● **Work order**: Using the data that follows, give again word for word the lines between the one holding "Horno Multifunción |" and the one holding "永田では口永良部島に沈む夕日", inclusive. Omit the pictures.

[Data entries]
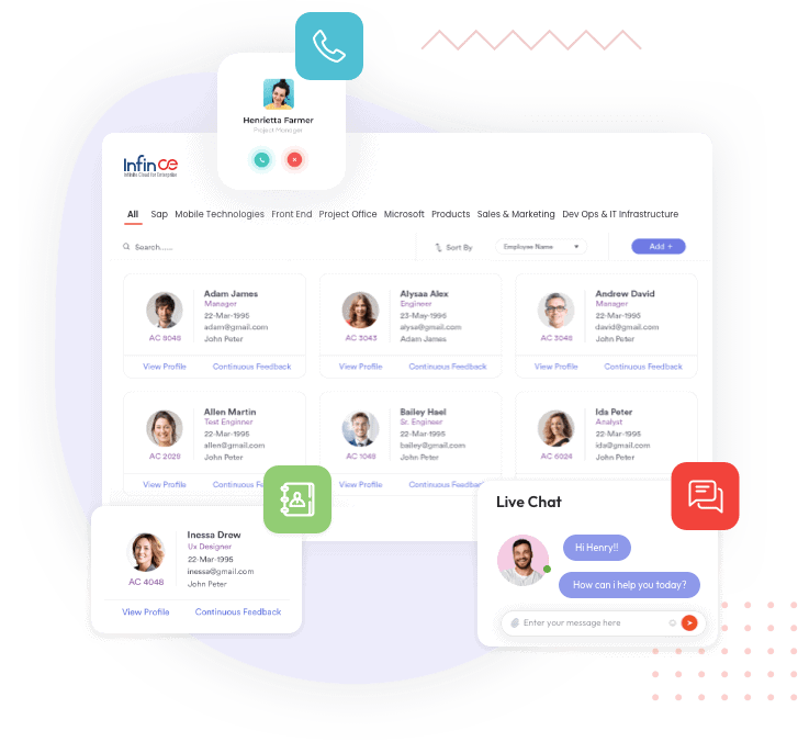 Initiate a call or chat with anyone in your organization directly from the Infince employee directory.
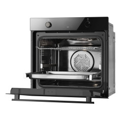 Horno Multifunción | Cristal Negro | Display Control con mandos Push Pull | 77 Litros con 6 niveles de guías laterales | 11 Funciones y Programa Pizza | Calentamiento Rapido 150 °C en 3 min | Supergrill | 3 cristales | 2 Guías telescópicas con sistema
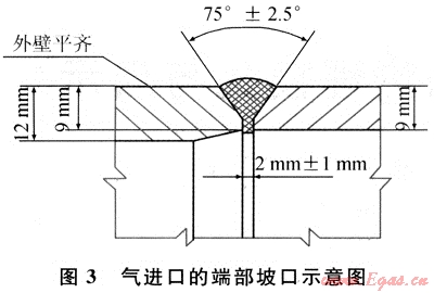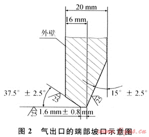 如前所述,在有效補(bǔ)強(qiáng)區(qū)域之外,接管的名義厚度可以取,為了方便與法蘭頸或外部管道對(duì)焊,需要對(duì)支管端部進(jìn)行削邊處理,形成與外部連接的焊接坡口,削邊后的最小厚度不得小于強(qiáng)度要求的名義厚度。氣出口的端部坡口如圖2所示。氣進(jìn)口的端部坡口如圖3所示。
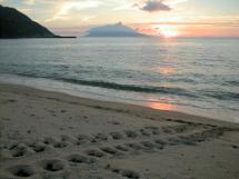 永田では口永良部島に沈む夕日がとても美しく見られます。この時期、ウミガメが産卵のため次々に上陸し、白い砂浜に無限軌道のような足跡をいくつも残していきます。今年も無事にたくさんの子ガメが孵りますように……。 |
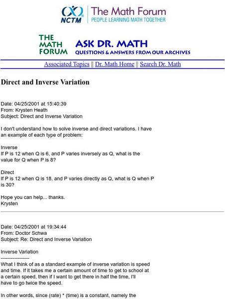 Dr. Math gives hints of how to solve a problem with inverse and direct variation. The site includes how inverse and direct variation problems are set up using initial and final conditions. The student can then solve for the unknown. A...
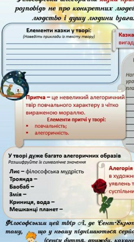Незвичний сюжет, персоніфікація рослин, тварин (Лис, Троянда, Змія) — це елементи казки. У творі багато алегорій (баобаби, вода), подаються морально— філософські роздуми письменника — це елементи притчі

● **Result of this task**:
 Horno Multifunción | Cristal Negro | Display Control con mandos Push Pull | 77 Litros con 6 niveles de guías laterales | 11 Funciones y Programa Pizza | Calentamiento Rapido 150 °C en 3 min | Supergrill | 3 cristales | 2 Guías telescópicas con sistema
 如前所述,在有效補(bǔ)強(qiáng)區(qū)域之外,接管的名義厚度可以取,為了方便與法蘭頸或外部管道對(duì)焊,需要對(duì)支管端部進(jìn)行削邊處理,形成與外部連接的焊接坡口,削邊后的最小厚度不得小于強(qiáng)度要求的名義厚度。氣出口的端部坡口如圖2所示。氣進(jìn)口的端部坡口如圖3所示。
 永田では口永良部島に沈む夕日がとても美しく見られます。この時期、ウミガメが産卵のため次々に上陸し、白い砂浜に無限軌道のような足跡をいくつも残していきます。今年も無事にたくさんの子ガメが孵りますように……。 |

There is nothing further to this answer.